Creates outliers values in a dataframe based on a given method

Parameters

:param df: (pandas.DataFrame) Data to add outlier
:param percent: (float) outliers percent
:param method: (str) custom function name to calculate outlier
- "tf": tukey-fence method
:param cols: (list) column names to add outliers, default None
- If "None" outliers will be added to all columns

returns

df: (pandas.DataFrame) Data with outliers added

Snippet code

>>> import matplotlib.pyplot as plt
>>> from rackio_AI import Outliers
>>> df = pd.DataFrame(np.random.randn(100,2), columns=["a", "b"])
>>> out = Outliers()
>>> df = out.add(df)
>>> ax = plt.plot(df["a"], '-r', df["b"], '-b', out.outliers["a"]["locs"], out.outliers["a"]["values"], 'rD', out.outliers["b"]["locs"], out.outliers["b"]["values"], 'bD')
>>> ax = plt.legend(["a", "b", "a outliers", "b outliers"])
>>> plt.show()

Add Outlier

tukey_fence(self, subset, k_min=2, k_max=5, q_min=0.25, q_max=0.75)

A nonparametric outlier detection method.

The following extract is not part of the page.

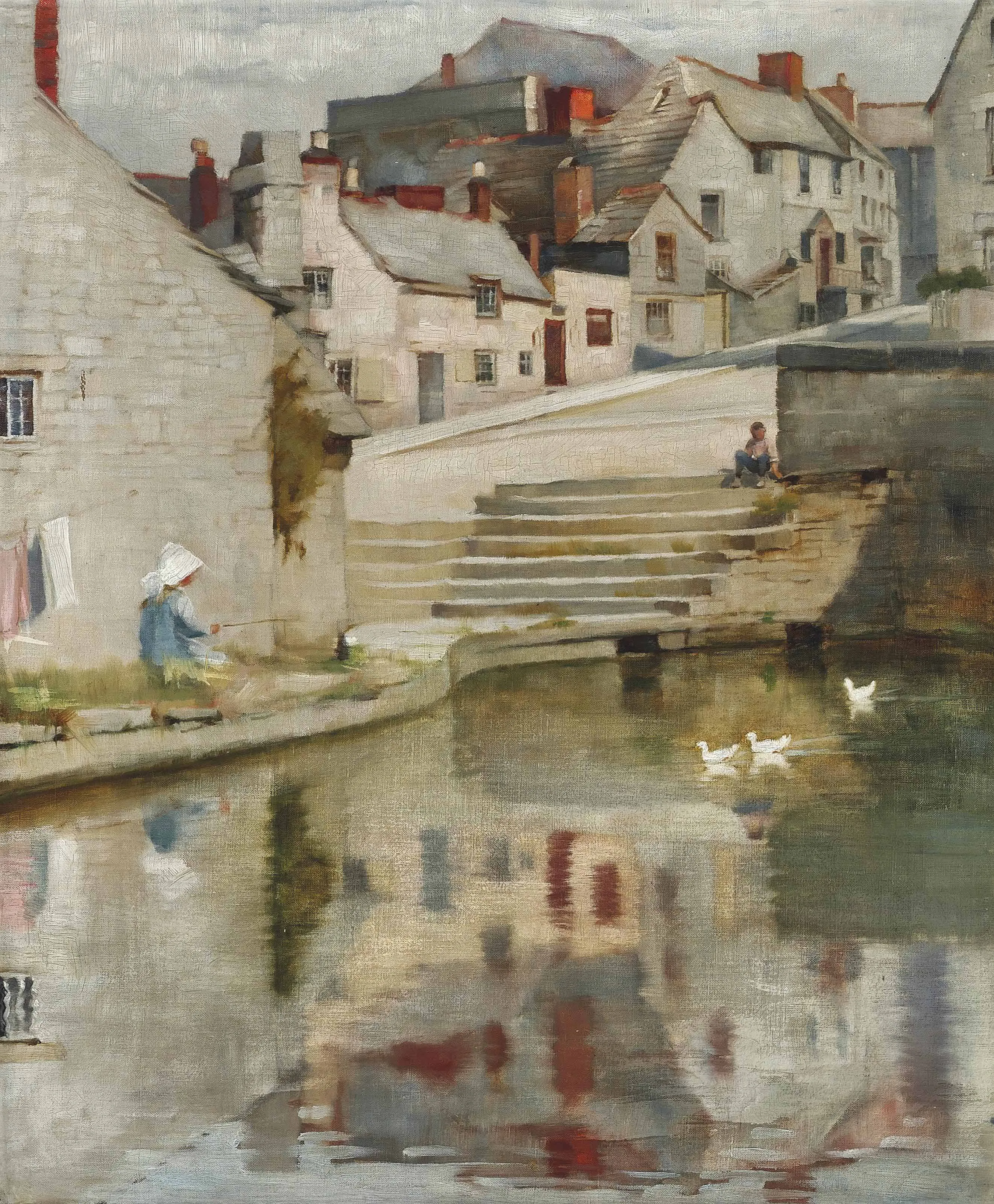 He then spent eight months of 1885 in Newlyn working on a single large canvas - Dame Grigson's Academy - before leaving the artists' colony forever. Stanhope Forbes described him as "a good friend, but morose".

It is calculated by creating a 'fence' boundary a distance of k values * IQR beyond the 1st and 3rd quartiles. Any data beyond these fences are considered to be outliers.

Outliers are values below q_min-k(q_max - q_min) or above q_max + k(q_max - q_min)

Parameters

:param subset: (np.ndarray) values to calculate outlier based on interquartile
:param k_min: (float) lower boundary for tukey fence
:param k_max: (float) upper boundary for tukey fence
:param q_min: (float) between [0 - 1] lower quartile
:param q_max: (float) between [0 - 1] upper quartile

returns

value (float) outlier value

z_score(self, df, threshold=3)

Rejects outlier values based on z-score modified

Parameters

:param df: (pandas.DataFrame)
:param threshold: (float)

returns

y: (list)

iqr(self, subset, q_min=0.25, q_max=0.75)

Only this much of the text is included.